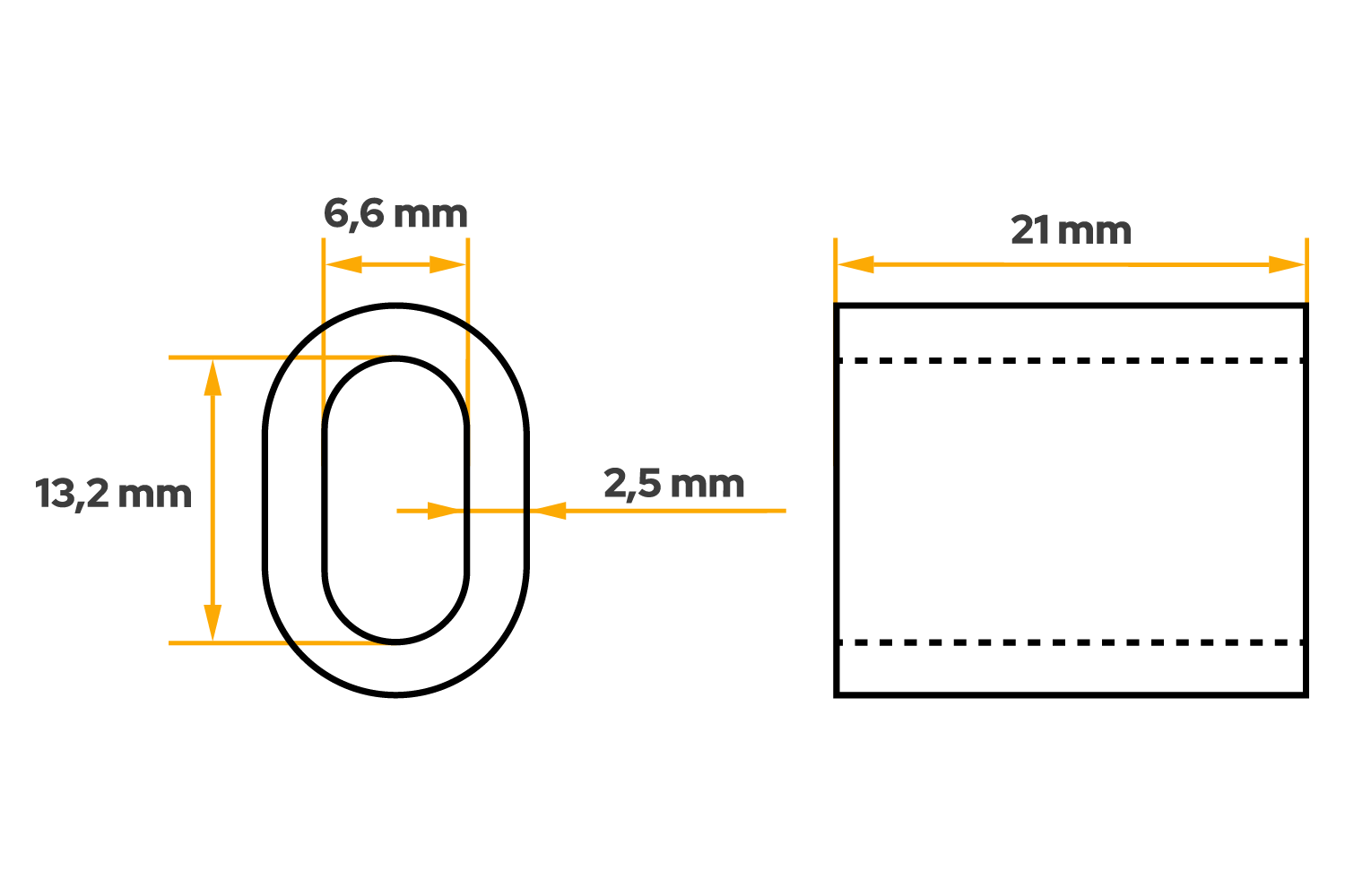 El conector de aluminio ZLA.6 de DROMET está diseñado para sujetar cables de acero con un diámetro de 6 mm . El producto tiene unas dimensiones de manguito interno de 6,6 × 13,2 mm y una longitud total de 21 mm , lo que permite una colocación precisa y duradera del cable. Se utiliza principalmente en la fabricación de eslingas de cuerda y permite la creación eficaz de bucles y conexiones en sistemas de sujeción.
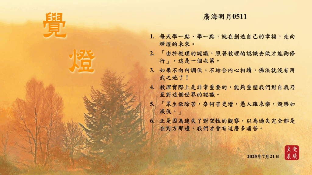 廣海明月0511 覺燈 (2025/07/21) Post author:大覺晨曦編輯組 Post published:2025/07/23 Post category:覺燈 1. 每天學一點、學一點,就在創造自己的幸福,走向輝煌的未來。2. 「由於教理的認識,照著教理的認識去做才能夠修行」,這是一個次第。3. 如果不向內調伏、不結合內心相續,佛法就沒有用武之地了!4. 教理實際上是非常重要的,能夠重塑我們對自我乃至對這個世界的認識。5. 「眾生欲除苦,奈何苦更增,愚人雖求樂,毀樂如滅仇。」6. 正是因為迷失了對空性的觀察,以為過失完全都是在對方那邊,我們才會有這麼多痛苦。 累計閱覽數: 399 Read more articles Previous Post〈居士提升營開示_聞法勝利(二)〉04 覺燈 (2025/07/20) Next Post廣海明月0512 覺燈 (2025/07/22)
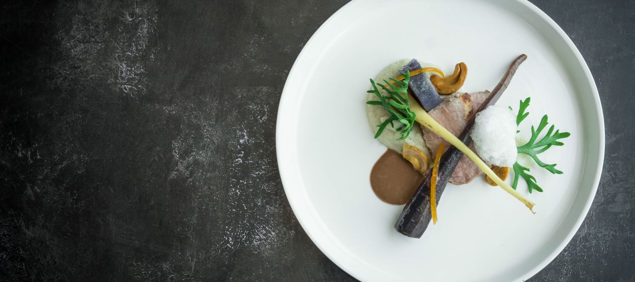 • De pastinaak crème onderop het bord, hierop de longhaas.
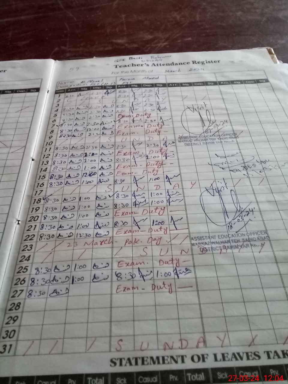 | Leave | Duty | Absent | Maternity | Medical | Ex- Pak |
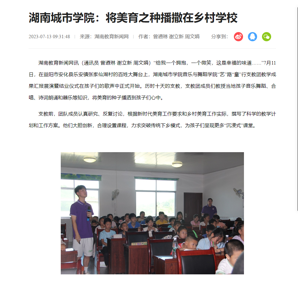 湖南教育新闻网|太阳成集团tyc33455cc:将美育之种播撒在乡村公司
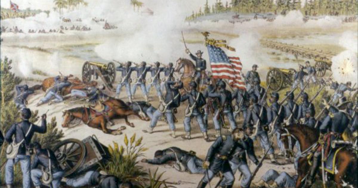 The image is a lithograph of the 1864 Battle of Olustee from Florida Memory.
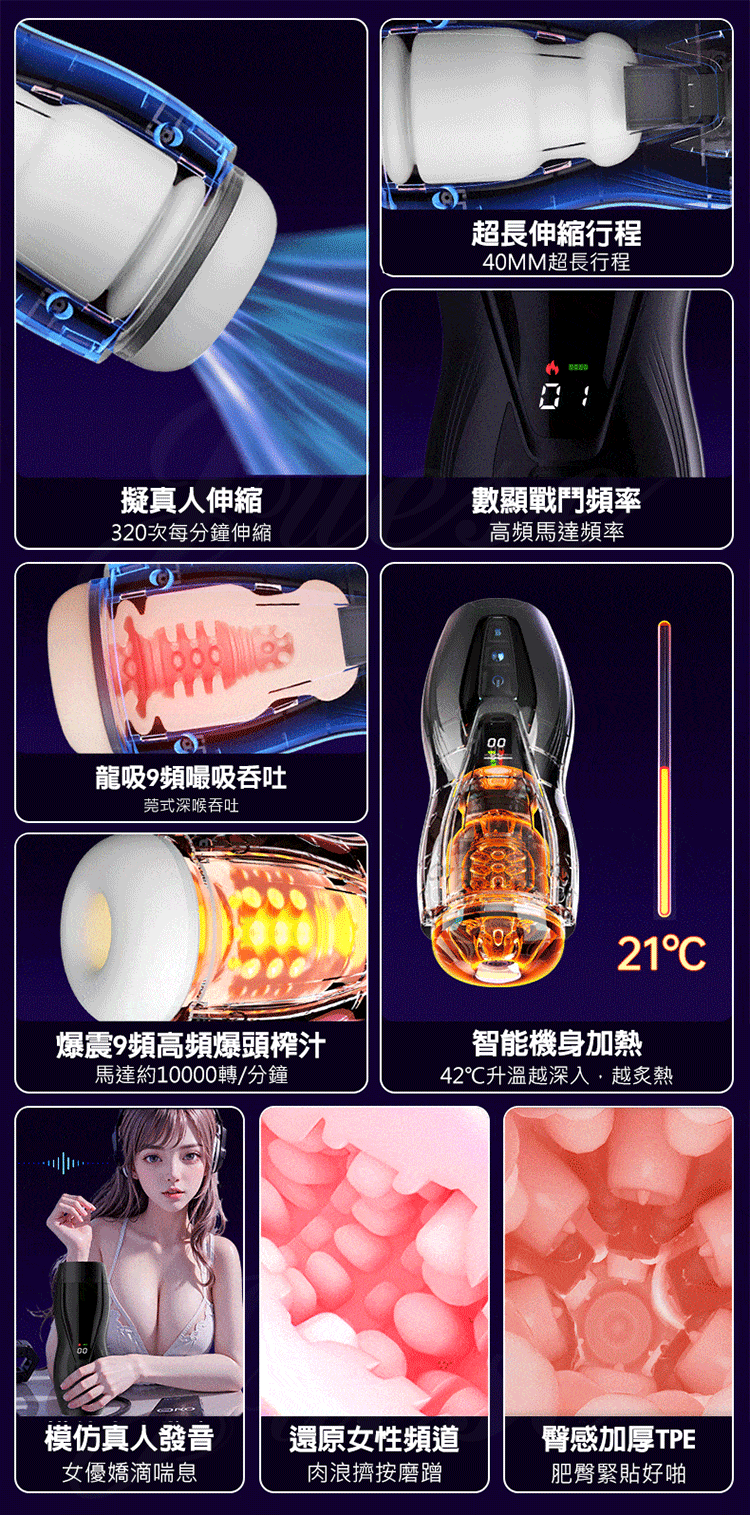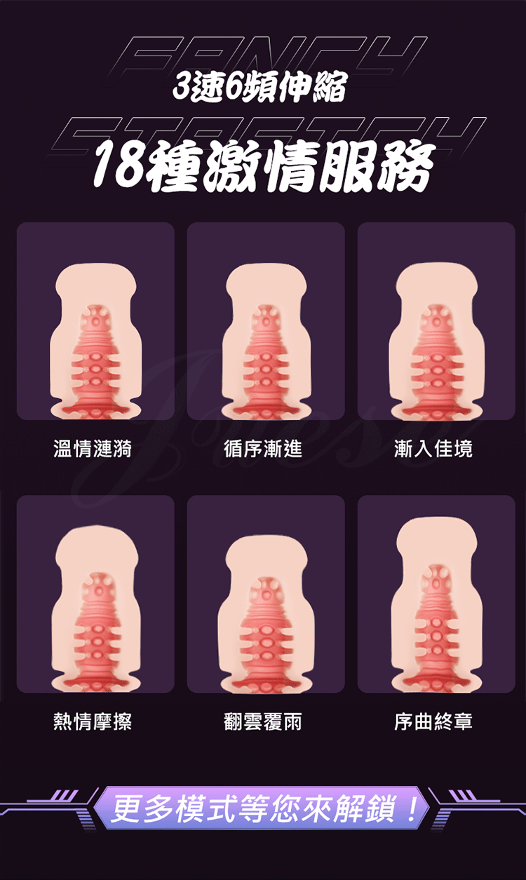 從頭榨到根爽感加倍,內嵌式震動波,3速6頻伸縮,18種激情服務。
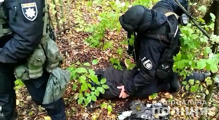 В результаті пошукових заходів, на відстані близько чотирьох кілометрів від місця вчинення кримінального правопорушення поліцейські помітили двох чоловіків які бігли з лісосмуги до гаю.
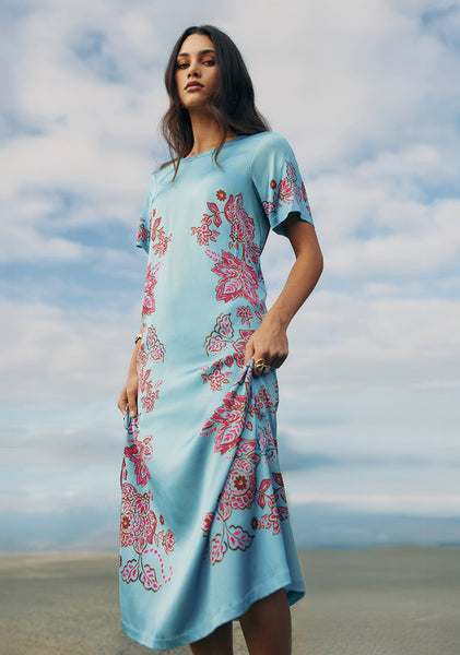 A luxe t-shirt style dress, in a silky printed stretch viscose. With bust darts, back neck opening and side splits to elevate.
☆ ☆ ☆ ☆ ☆ ☆ ☆
> Work to complete
Leaving aside every picture, transcribe exactly the lines that run from the one with "The image is" to the close of the listing above.

> Reply
 The image is a lithograph of the 1864 Battle of Olustee from Florida Memory.
 從頭榨到根爽感加倍,內嵌式震動波,3速6頻伸縮,18種激情服務。
 В результаті пошукових заходів, на відстані близько чотирьох кілометрів від місця вчинення кримінального правопорушення поліцейські помітили двох чоловіків які бігли з лісосмуги до гаю.
 A luxe t-shirt style dress, in a silky printed stretch viscose. With bust darts, back neck opening and side splits to elevate.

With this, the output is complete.